AI技術の進化により、リーダー育成やマネジメントのあり方は大きく変わり始めています。
これまで経験や勘に頼ることが多かったリーダーシップ開発も、AIによるデータ分析や個別最適化された学習を取り入れることで、より客観的かつ効果的な育成が可能になりました。
一方で「AIでリーダーは育成できるのか」「人的資本経営にどう活用すればよいのか」「従来の研修と何が違うのか」と疑問を持つ企業も少なくありません。
本記事では、AIを活用したリーダーシップ開発の仕組みや導入メリット、企業の活用事例、人的資本経営との関係まで分かりやすく解説します。
AIで進化するリーダーシップ開発
リーダー育成というと、管理職研修やOJT、上司によるフィードバックなどが一般的です。ただ、同じ研修を受けても、必要なスキルや抱えている課題は人によって異なります。
そこで注目されているのが、AIを活用したリーダーシップ開発です。
AIを活用する大きなメリットは、リーダー育成そのものをAIに任せることではなく、一人ひとりの課題を把握し、育成や振り返りを支援できることです。
研修の受講履歴や評価データ、スキル情報などを活用すれば、「誰に、どのような育成が必要なのか」を考える材料が増えます。生成AIを使ってケーススタディやロールプレイを行い、日常的なトレーニングに活用する方法もあります。
デジタル時代に求められるリーダー像
リーダーに求められる役割も変わっています。上司が答えを持ち、部下に指示を出すだけでは、変化の速い市場や多様な働き方に対応することが難しくなっています。
現在のリーダーには、状況に応じて判断する力はもちろん、メンバーの意見を引き出す力、異なる価値観を受け入れる姿勢、チームとして成果を出すためのマネジメント力などが求められます。
特に重要なのは「優秀なプレイヤーを管理職にする」ことと「リーダーとして必要な能力を育てる」ことを分けて考えることです。
営業成績や業務スキルが高くても、部下の育成やチームマネジメントが得意とは限りません。本人の経験だけに任せるのではなく、必要な能力を整理し、継続的に育成していく仕組みが必要です。
従来型リーダー研修の限界と課題
従来のリーダー研修にも一定の効果はあります。

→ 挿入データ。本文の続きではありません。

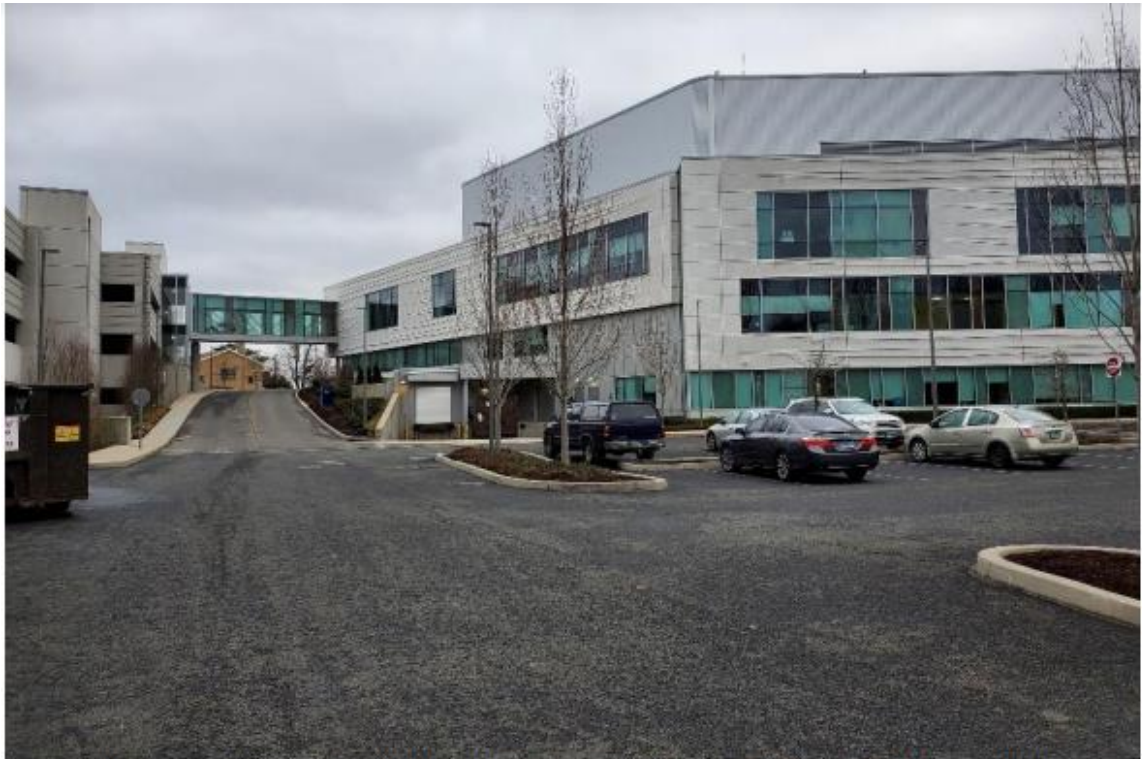
Looking west toward Facility location at center of photo (to right of trees); building in background.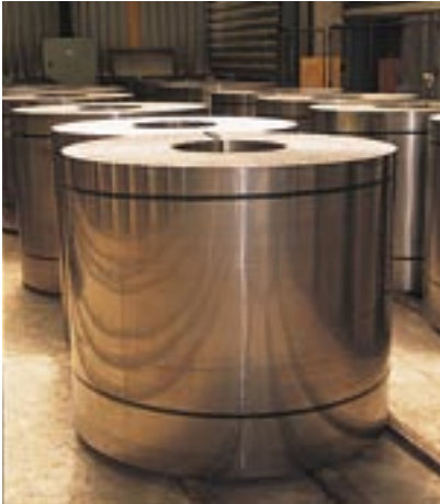
Cold rolled coil.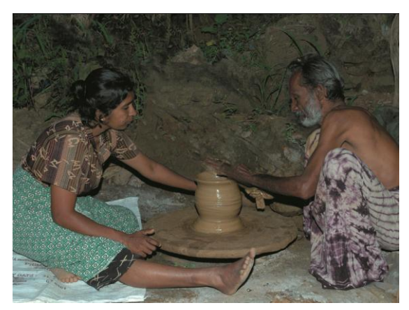
Traditional potters at work on potter's wheel (Saka poruwa)

ただし、全員が同じ講義やグループワークを受けるだけでは、一人ひとりの課題に合わせた育成が難しいという問題があります。
たとえば、新任管理職のなかでも「部下へのフィードバックが苦手な人」と「意思決定に時間がかかる人」では、伸ばすべき能力が違います。それでも同じ研修を受けて終わってしまえば、現場で必要な行動変容につながらないことがあります。
また、研修を実施したことで満足してしまい「研修後に本人の行動がどう変わったのか」「チームにどのような変化があったのか」まで確認できていない企業も少なくありません。
リーダーシップ開発では、研修を実施すること自体ではなく、現場での行動につなげるところまで設計することが重要です。
AIがリーダー育成を支援できること
AIは、こうしたリーダー育成の課題を補う手段として活用できます。
たとえば、研修結果やスキル情報などを整理して個人ごとの課題を把握したり、生成AIを相手に1on1や部下へのフィードバックを想定したロールプレイを行ったりする方法があります。
従来は研修担当者や上司が時間をかけなければ難しかった振り返りや練習を、日常業務のなかで繰り返し行いやすくなる点もAI活用のメリットです。
つまり、AIによってリーダーを育てるのではなく「課題を把握する→学ぶ→実践する→振り返る」という育成サイクルを回しやすくすることが、AIを活用したリーダーシップ開発のポイントです。
次章では、AIを活用してリーダー候補や管理職の強み・課題をどのように見える化できるのか、具体的に解説します。
AI活用によるリーダー適性の見える化
次世代リーダーを育成するうえで難しいのが「誰をリーダー候補として育てるのか」という判断です。
営業成績が高い、仕事が早い、上司からの評価が高いといった理由だけで管理職に登用しても、必ずしもマネジメントで力を発揮できるとは限りません。
一方で、現在の役職や目立った成果だけでは見つけにくい人材が、リーダーとしての素質を持っている場合もあります。
AI活用の目的は、リーダーを機械的に選ぶことではなく、人事や上司だけでは気づきにくい強みや課題をデータから見つけ、育成や選抜の判断材料を増やすことです。
行動データと適性検査を組み合わせる
リーダー候補を考える際は、売上や目標達成率などの成果だけではなく、日頃どのような行動を取っているのかを見ることも重要です。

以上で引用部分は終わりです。